High-strength self-compacting alkali-activated concrete produced with fly ash and steel slag: rheological behavior and mixing rheology comparisons with a Portland cement concrete

Abstract

The construction industry has recently seen a growing demand for sustainable materials. Alkali-activated binders (AAB) have emerged as a viable alternative to Portland cement-based materials. This study investigates the influences of the composition and mixing methods on the rheological and mechanical properties of an alkali-activated concrete (AAC) based on fly ash (FA) and steel slag (SS), compared to a reference Portland cement concrete (PCC) with equivalent volume fractions of aggregate and paste. Two mixing methods were examined: a free fall mixer and a planetary mixer that also functions as a rheometer. In the fresh state, the performance of concretes was assessed, focusing on rheological parameters such as mixing energy, maximum torque, and equivalent apparent viscosity indicator.

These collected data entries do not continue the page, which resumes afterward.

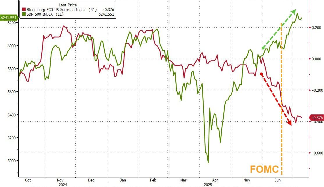 Stocks have melted up since the FOMC meeting (even as macro has weakened - bad news is good news)...
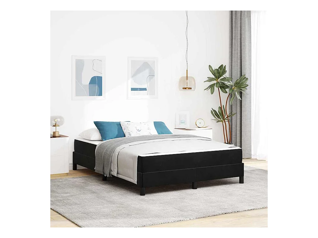 Letto a molle con materasso Nero 140 x 200 cm Velluto
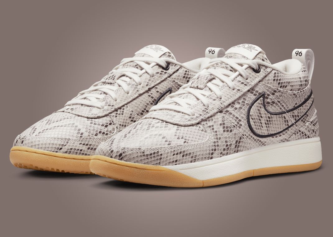 The Nike Book 1 has featured snakeskin details on prior colorways, including The Hike and Rattlesnake pairs. However, this Python colorway covers every panel in a luxurious snakeskin texture from top to bottom. Black embroidery outlines the Swoosh on the midfoot, providing a bold contrast to the snakeskin. Cream laces add a subtle touch, matching the cream accents on the Book-branded tongue tag and the book spine-inspired pull tab on the heel. The pull tab includes "Chapter One" branding and a "96" emblem, the latter symbolizing Booker’s birth year. The sneaker sits on a white midsole and a gum rubber outsole, cushioned with Zoom Air in the heel and full-length Cushlon 2.0 foam.
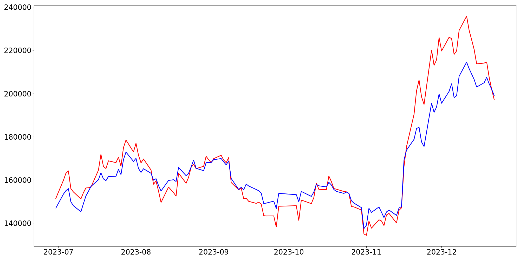 [ - : 실제값(종가) / - : 예측값(종가) ]
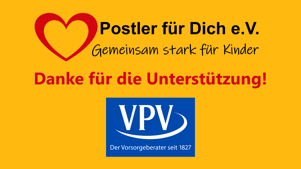 aufmerksam und entschloss sich kurzer Hand unsere Spende zu verdoppeln. Darüber hinaus wird man bei der Vereinigte Postversicherung (VPV) unsere Aktivitäten im Auge behalten und möchte unseren Verein auch künftig bei weiteren Aktionen und Projekten unter die Arme greifen.
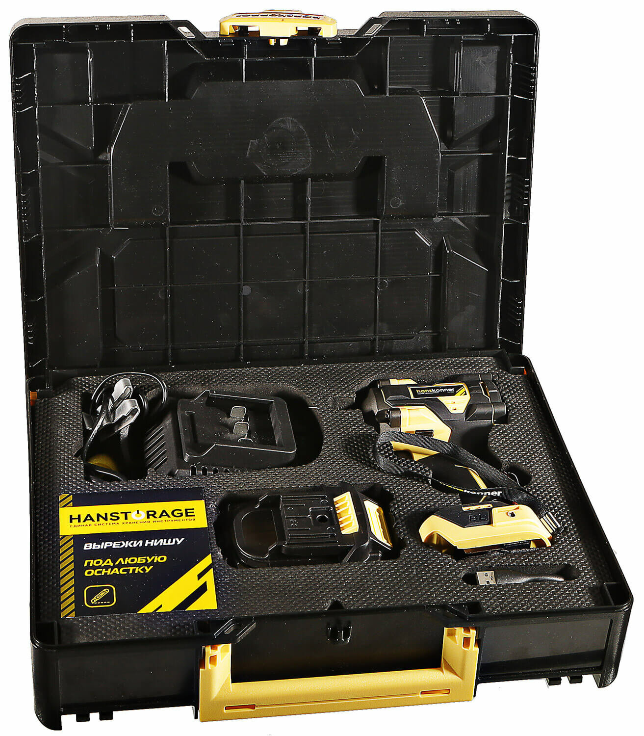 Аккумуляторный ударный гайковерт Hanskonner HCD20420BLC 1BatterySystem (18 В, 420Нм, 1/2, 2 скор, 1x4.0Ач, кейс HS) интересное:
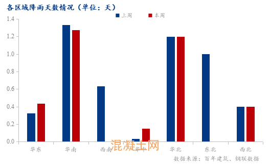 本周國內145個城市降雨天數減少0.1天,平均當周影響混凝土發運量的降雨天數為0.5天,西南多地遭遇極端高溫天氣,華北、華南雨水不斷,季節性因素影響仍然突出。
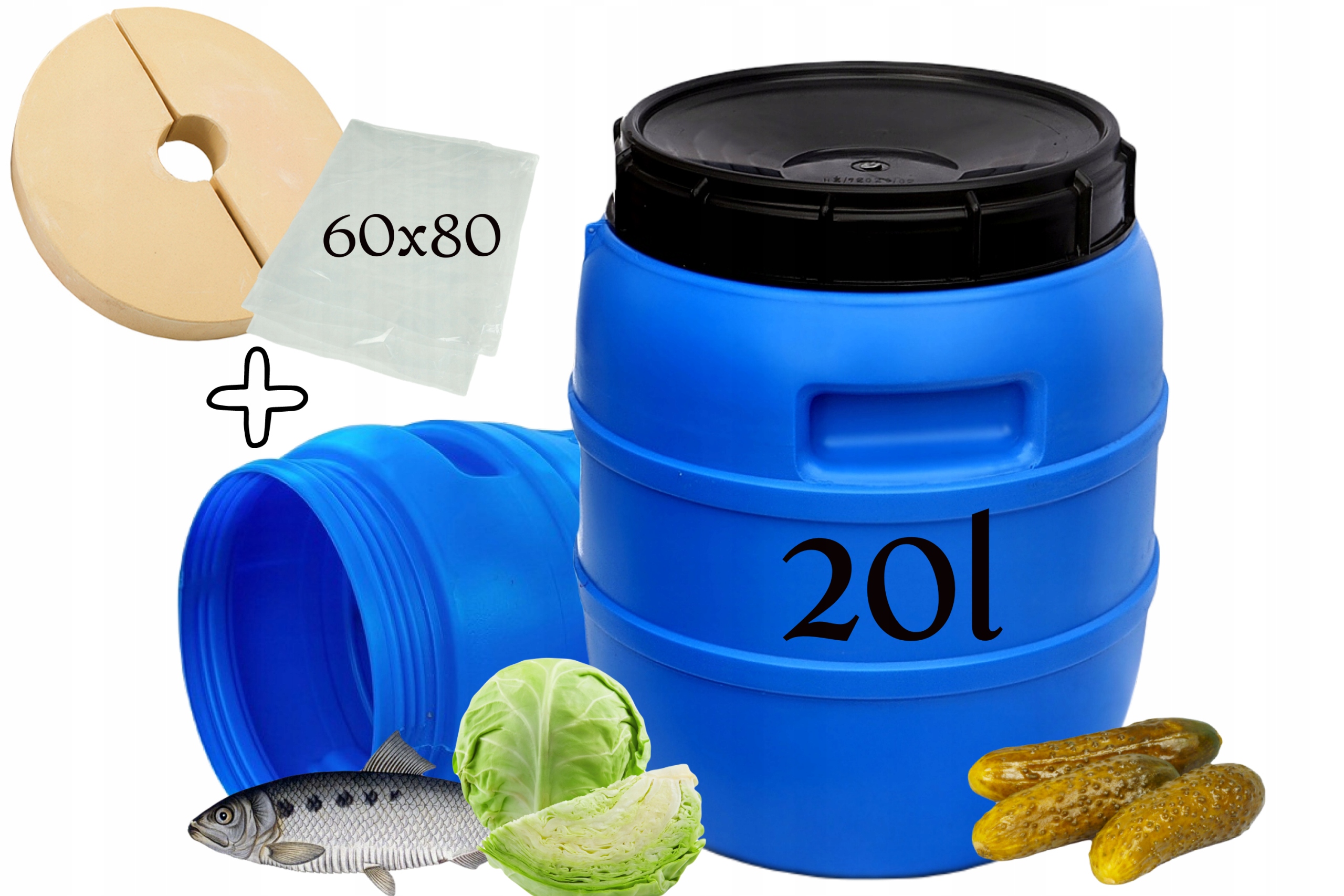 НАБІР ДЛЯ СЕРІБЛЕННЯ КАПУСТІ, ПЛАСТИКОВА БОЧКА З КРИПКОЮ ТА РУЧКАМИ, 20 ЛІТРІВ + МІШОК ДЛЯ СЕРІБЛЕННЯ КАПУСТІ + ТІКОВИЙ КАМІНЬ
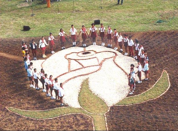 The school children from the outskirts of Havana helped pull weeds on the image of the White Rose.

In the hardened state, compressive strength tests were conducted. Pseudoplastic rheological model effectively described AAC behavior, while the Bingham model better characterized PCC. AAC demonstrated high passing ability and extended flow time, with flow behavior significantly influenced by the mixing process. Rheological analysis revealed that AAC required five times more mixing energy and exhibited greater equivalent apparent viscosity indicator compared to PCC. Additionally, AAC achieved higher compressive strength than PCC, which presented values from 34 to 43 MPa (PCC) depending on curing conditions. Thermal curing increased compressive strength by nearly 60 % at 28 days for AAC, from 48.6 MPa to 76.8 MPa. Furthermore, the mixing procedure influenced the fresh and hardened properties of both AAC and PCC, though PCC exhibited only minor variations. Mixing methods with higher energy input led to improved compressive strength.